You also can make application programs faster over time, running on the same processor.

No, the "aging" of silicon will make your processor slower over time, not faster. You can do that only in software.

--
Bernd Paysan
"If you want it done right, you have to do it yourself"
http://www.jwdt.com/~paysan/
Reply to
Bernd Paysan

What you are refering to is known as either AI or heuristics - software that learns over time by interacting with its environment.

Luhan

Reply to
Luhan

Sure, by adding a cache.

Jon

Reply to
jon

Google "machine learning"

-- Joe Legris

Reply to
jalegris

Luhan wrote:

no.

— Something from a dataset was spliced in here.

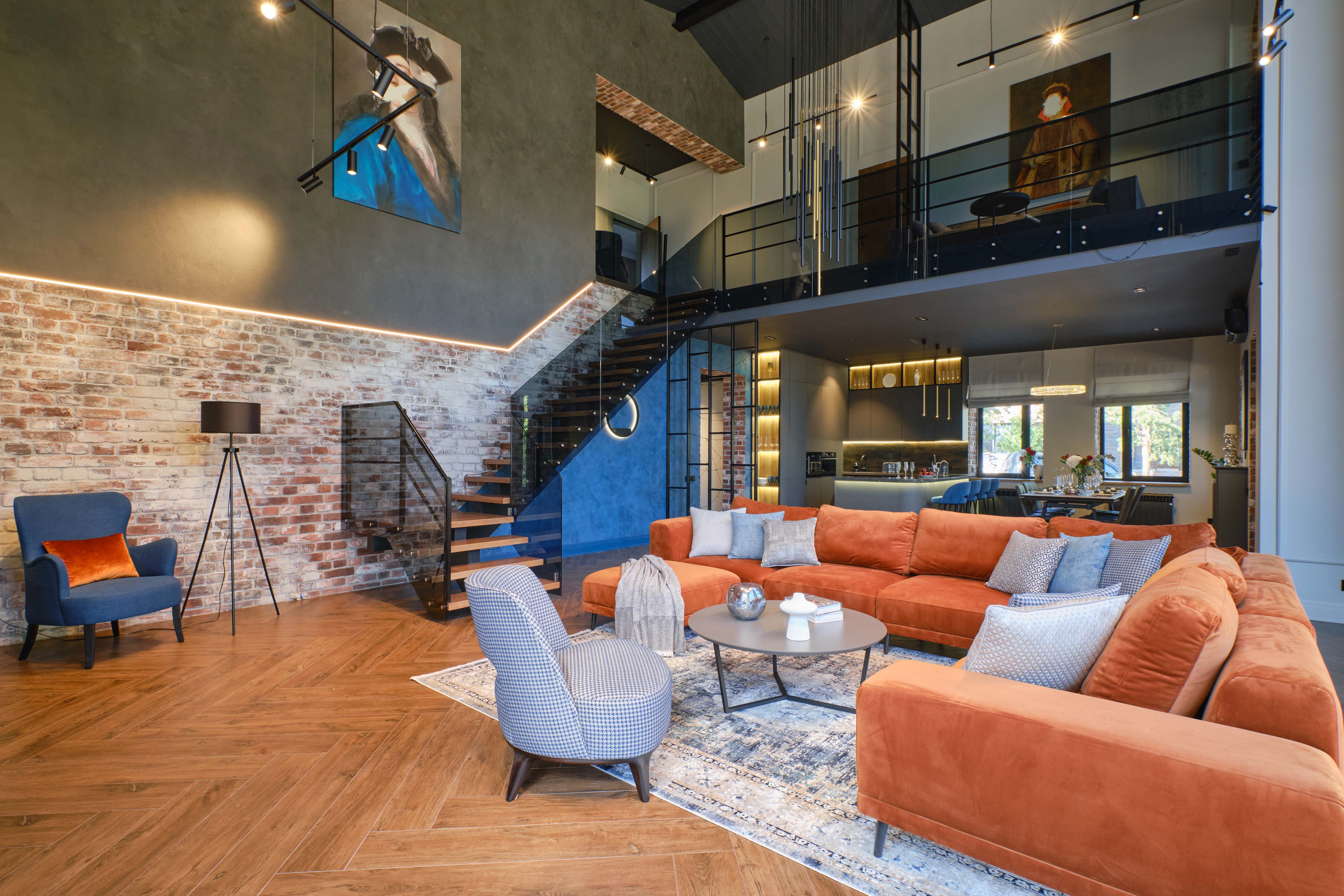 Загородный дом «Синий утес» предназначен для сдачи в аренду под различные мероприятия (свадьбы, выходные с семьей, дни рождения и т. д.). Для такой задачи было предложено сделать большое пространство кухни-гостиной-прихожей, в котором располагается много зон для встреч и общения (обеденный стол, большая барная стойка, большой модульный диван, который легко переставлять в разные композиции, диван в прихожей, диван на балконе и т. д.). Также в доме расположены три спальни, в каждой из которых есть большая кровать и дополнительное спальное место в виде раскладного кресла, свой санузел, шкаф и телевизор. На первом этаже также располагается общий санузел, игровая комната для детей, хозяйственная кухня для кейтеринга и выход в гараж.

It is not about AI/heuristics/mach> Sure, by adding a cache.

neither cache memory.

Anyhow, it will take microprocessor one machine cycle to execute "move r1 r2". My question is, is it possible for a microprocessor to make more than one moves in a machine cycle or to make one move in less than one machine cycle.

Reply to
v4vijayakumar

Perhaps a more relevent question is "Why has my code suddenly developed timing problems?"

Reply to
Tom Lucas

Some virtual machines already improve program execution over time. I don't see why a programmable microprocessor can't do the same.

Yes. Many architectures provide a 'swap' instruction that does just that.

Generally speaking, simple instructions can complete long before the cycle ends, but then have to wait for the next clock transition. Unless you have a clockless architecture, of course.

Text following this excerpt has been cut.